The land of Uz ( – ʾereṣ-ʿŪṣ) is a location mentioned in the Old Testament, most prominently in the Book of Job, which begins, "There was a man in the land of Uz, whose name was Job". 

The name "Uz" is used most often to refer to Uz, son of Aram, presumably the region's namesake. He is mentioned repeatedly in the Bible, in the books of Genesis and 1 Chronicles. It is most often theorized that the Land of Uz is located in either Aram, Edom, or both.

Location
It has been long debated if Uz is either Aram or Edom. In the Bible, Genesis 10:23, Genesis 22:21 and 1 Chronicles 1:42 mention Aram, son of Shem, whose firstborn son is named Uz. Rashi also holds this view. See Rashi's comment on Job 1:1. According to the  War Scroll, one of the Dead Sea Scrolls, the land of Uz existed beyond the Euphrates, possibly in relation to Aram. In Column 2 verse 11, it is noted, "they shall fight against the rest of the sons of Aramea: Uz, Hul, Togar, and Mesha, who are beyond the Euphrates." Edom was roughly in the area of modern-day southwestern Jordan and southern Israel.
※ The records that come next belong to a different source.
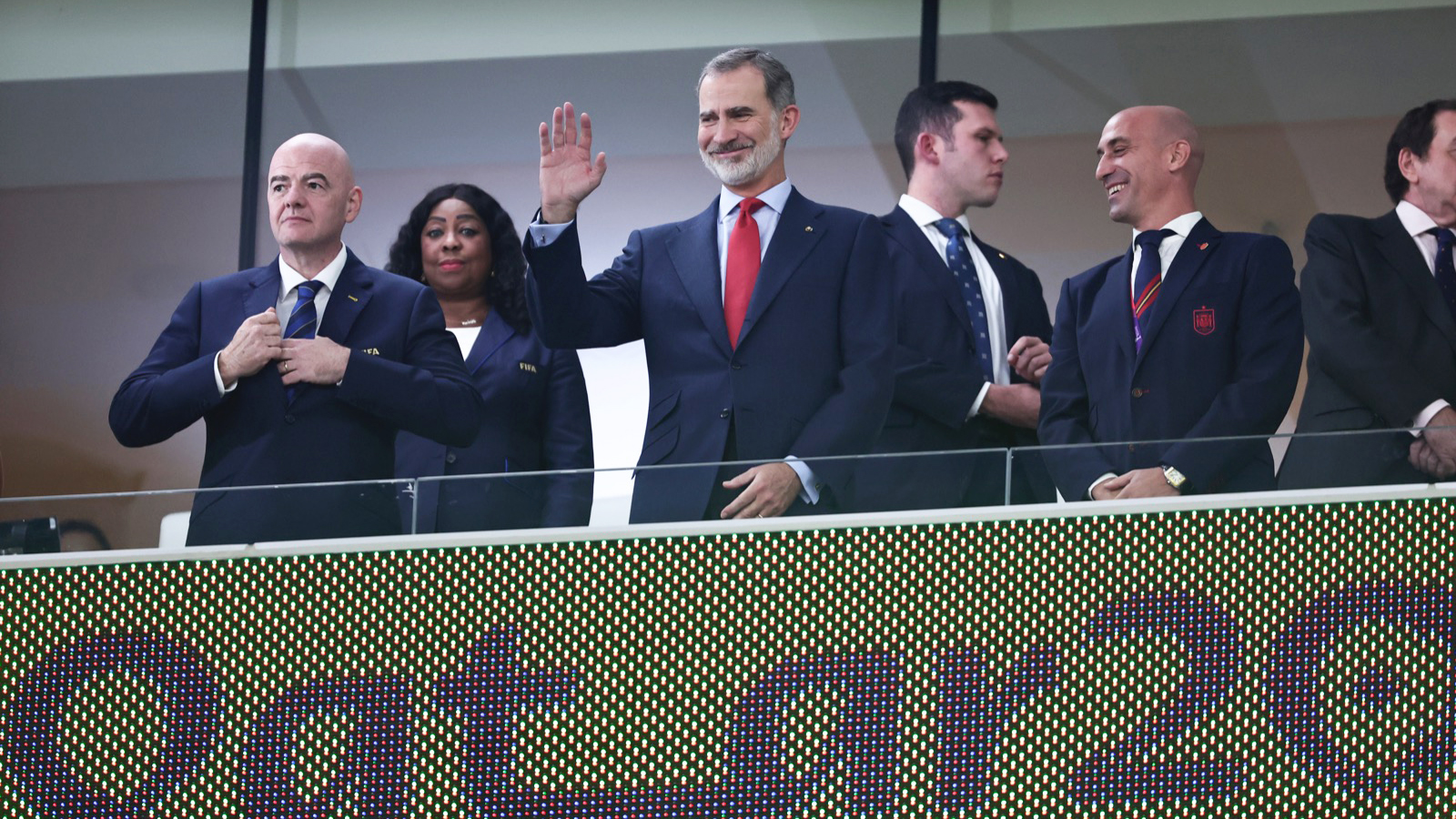 SM el Rey Felipe VI contempla en directo la victoria de la Selección en Catar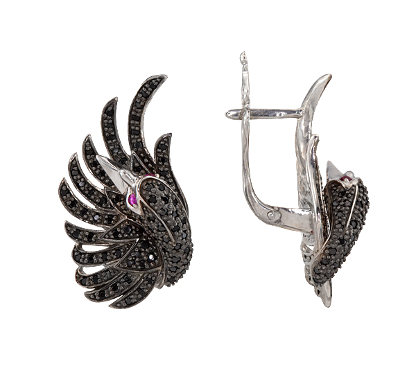 Главным акцентом украшения служит россыпь из 196 фианитов, создающих неповторимую игру света на поверхности благородного металла. Особую глубину композиции придают вставки красного цвета круглой формы, эффектно контрастирующие с холодным блеском белого золота. Данные серьги отличаются сложной, детальной проработкой оперения, что делает их настоящим произведением ювелирного искусства.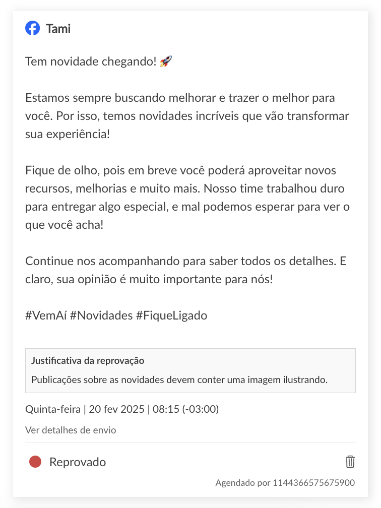 Ao reprovar um agendamento criado por um usuário secundário, agora é necessário adicionar um comentário detalhando o motivo da reprovação. O comentário adicionado é exibido no histórico com a publicação.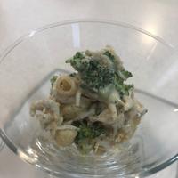 - 1 ブロッコリーは小房にわけます。耐熱ボウルに入れ、水を加え、ふんわりとラップをし、500wの電子レンジで1分程加熱します。柔らかくなったら、水気を切り、粗熱をとります。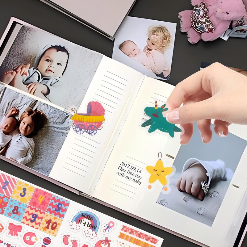- 【Wide Application】These baby scrapbook stickers have a wide range of applications and are suitable for various occasions. Decals' strong material allows you to decorate a lot of things: scrapbooking, gift wrapping, DIY greeting cards, photos, notebooks, planners, calendars, letterheads, and birthday party invitation cards. In addition, they can be affixed to books, cards, walls, toys, laptops, mobile phones, phone case, laptop, mirror, guitar, water bottle, cup, skateboard, furniture, luggage, and anywhere baby-themed fun is needed. Let your imagination run wild with these versatile and attractive stickers.

Lamentations 4:21 reads: "Rejoice and be glad, O daughter of Edom, that dwellest in the land of Uz." According to the Book of Job, Job lived "in the land of Uz". Job has often been identified as the Jobab mentioned in Genesis 36:33, king of Edom and great-grandson of Esau. However, it is more likely that the "Land of Uz" simply covered both Edom and Aram.

Other locations
Other locations proposed for Uz include more southern Arabia, especially Dhofar, said to be the home of the original Arabs; Bashan in modern-day southern Syria/western Jordan; Arabia east of Petra, Jordan; and even modern-day Uzbekistan.

Other interpretations
Some scholars hold that Uz is a fictional place to serve the story of Job, rather than a physical land.  The word Uz in Hebrew means "counsel" or "advice", which here suggests that this story takes place in the "Land of Counsel". This fits the story, as the remainder of the book is a story about a man named Job who wrestles with his suffering, and is counseled by several men, and ultimately God. A similar conjecture is that if Uz was a physical place, it may have been chosen as the setting for the story due to the meaning of its name.

In popular culture
In 20th-century Israel, when The Wizard of Oz was translated to Hebrew, the translator of the film's subtitles chose to use Land of Uz for the book's Land of Oz. In addition, Avraham Shlonsky's musical adaptation of the Brothers Grimm fairytale Rumpelstiltskin, in addition to naming the titular character Uz-li-Guz-li, is explicitly stated to be set in the Land of Uz. Thus, to modern Hebrew readers, "Land of Uz" assumed a new layer of meanings unrelated to its Biblical ones.